Hari Raya Idul Adha bukan hanya tentang penyembelihan hewan kurban. Lebih dari itu, Idul Adha mengajarkan kita tentang makna pengorbanan, ketaatan, dan keikhlasan kepada Allah subhanahu wa ta’ala.
Kisah Nabi Ibrahim AS menjadi pelajaran besar bagi umat Islam tentang bagaimana seorang hamba mendahulukan perintah Allah atas keinginannya sendiri. Dengan penuh keimanan, beliau bersedia menjalankan perintah Allah, bahkan ketika harus mengorbankan sesuatu yang sangat dicintainya. Dari kisah inilah kita belajar bahwa kurban bukan hanya sekadar ritual tahunan, tetapi bentuk ketundukan dan cinta kepada Allah.
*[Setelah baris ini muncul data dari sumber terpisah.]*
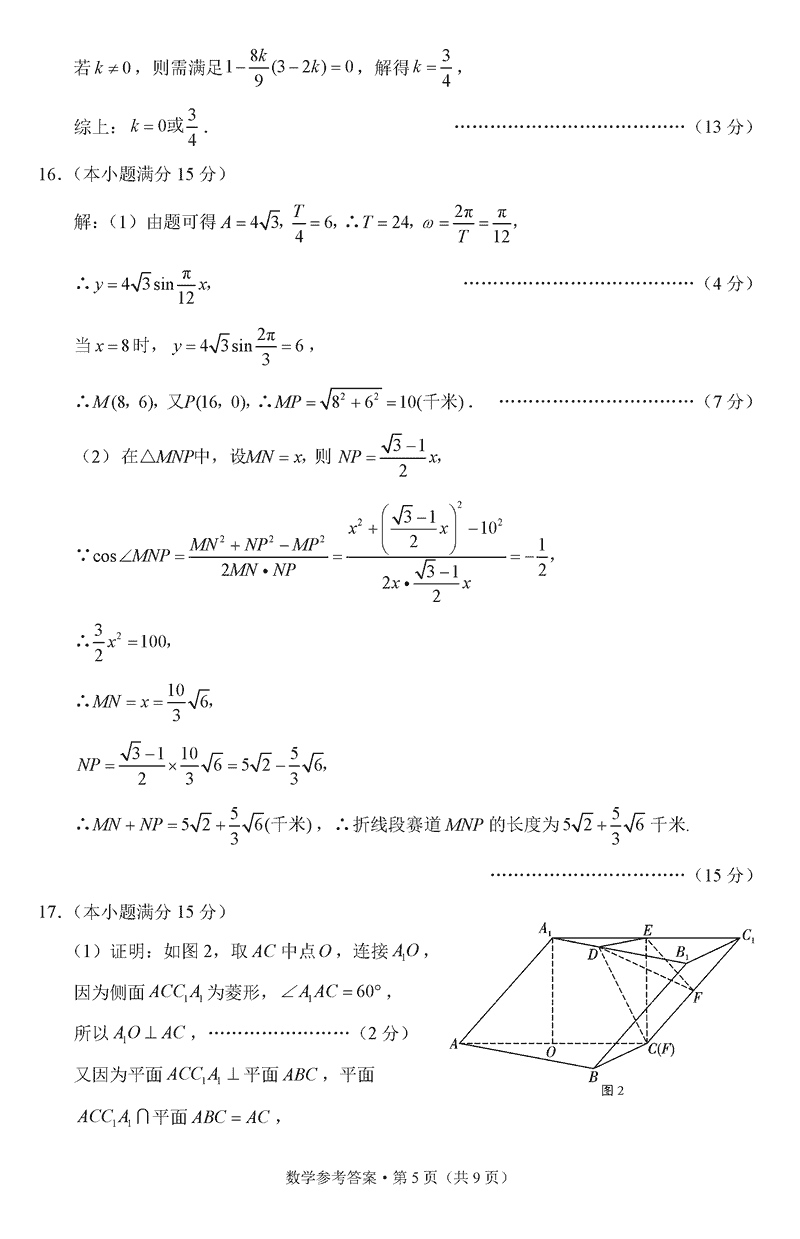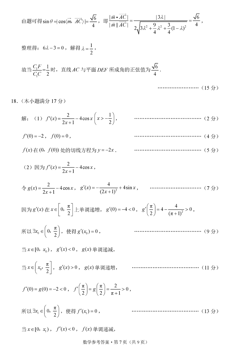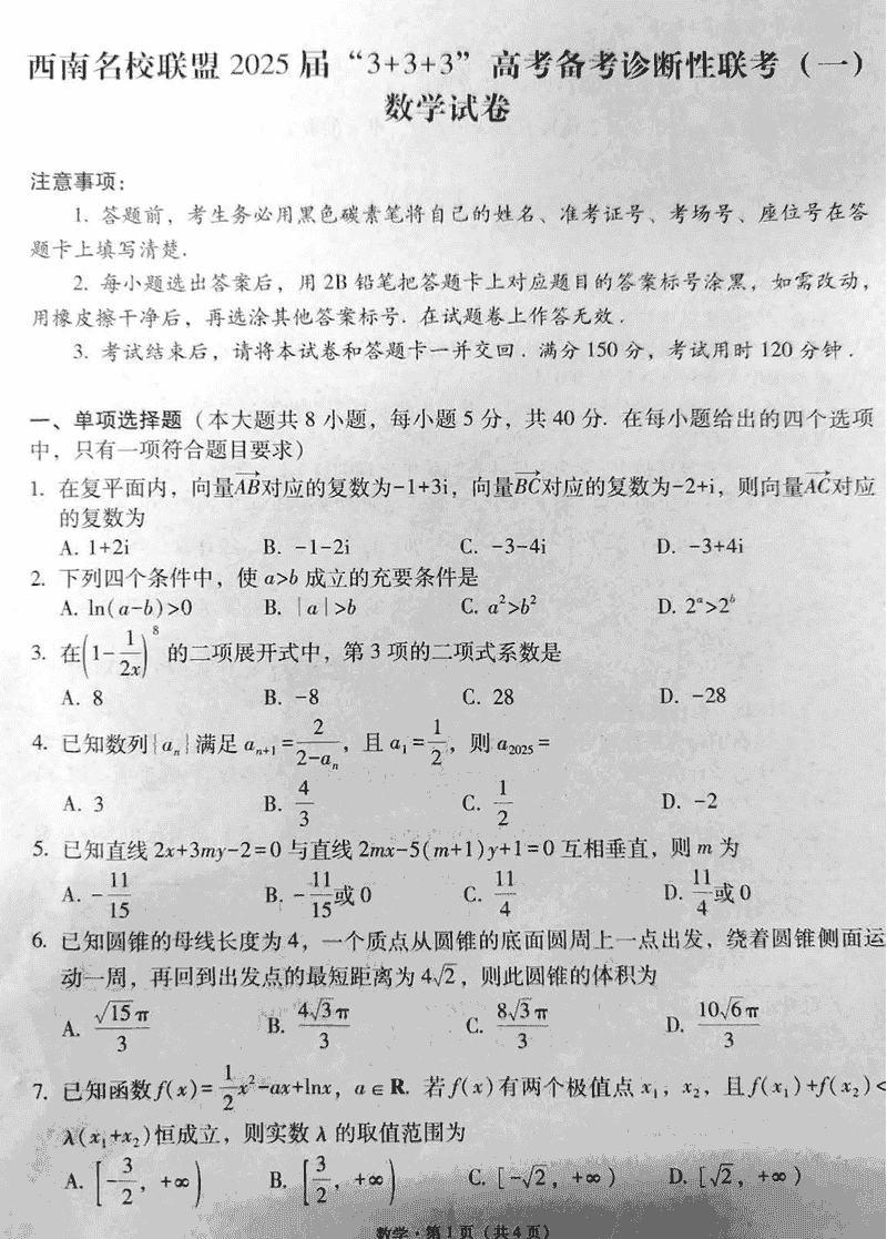西南名校联盟2025届高三3+3+3诊断性联考(一)数学试题及答案

Di zaman sekarang, makna kurban juga bisa menjadi pengingat untuk “mengorbankan” hal-hal buruk dalam diri kita. Mengorbankan rasa malas, ego, sifat sombong, amarah, dan kebiasaan yang menjauhkan kita dari kebaikan. Karena sejatinya, ibadah kurban tidak hanya berbicara tentang hewan yang disembelih, tetapi juga tentang hati yang sedang dibersihkan.
Allah subhanahu wa ta’ala berfirman:
“Maka laksanakanlah shalat karena Tuhanmu dan berkurbanlah.”
(QS. Al-Kautsar: 2)
Ayat ini menunjukkan bahwa kurban adalah bentuk ibadah yang memiliki kedudukan mulia di sisi Allah. Oleh karena itu, ibadah ini seharusnya dilakukan dengan hati yang tulus dan penuh rasa syukur.
Semakin dekat dengan Idul Adha, semoga kita tidak hanya sibuk mempersiapkan hewan kurban, tetapi juga mempersiapkan hati agar lebih ikhlas, lebih peduli kepada sesama, dan lebih dekat kepada Allah subhanahu wa ta’ala.
Karena pada akhirnya, yang paling bernilai di hadapan Allah bukanlah besar atau kecilnya kurban kita, melainkan ketakwaan dan keikhlasan di dalam hati.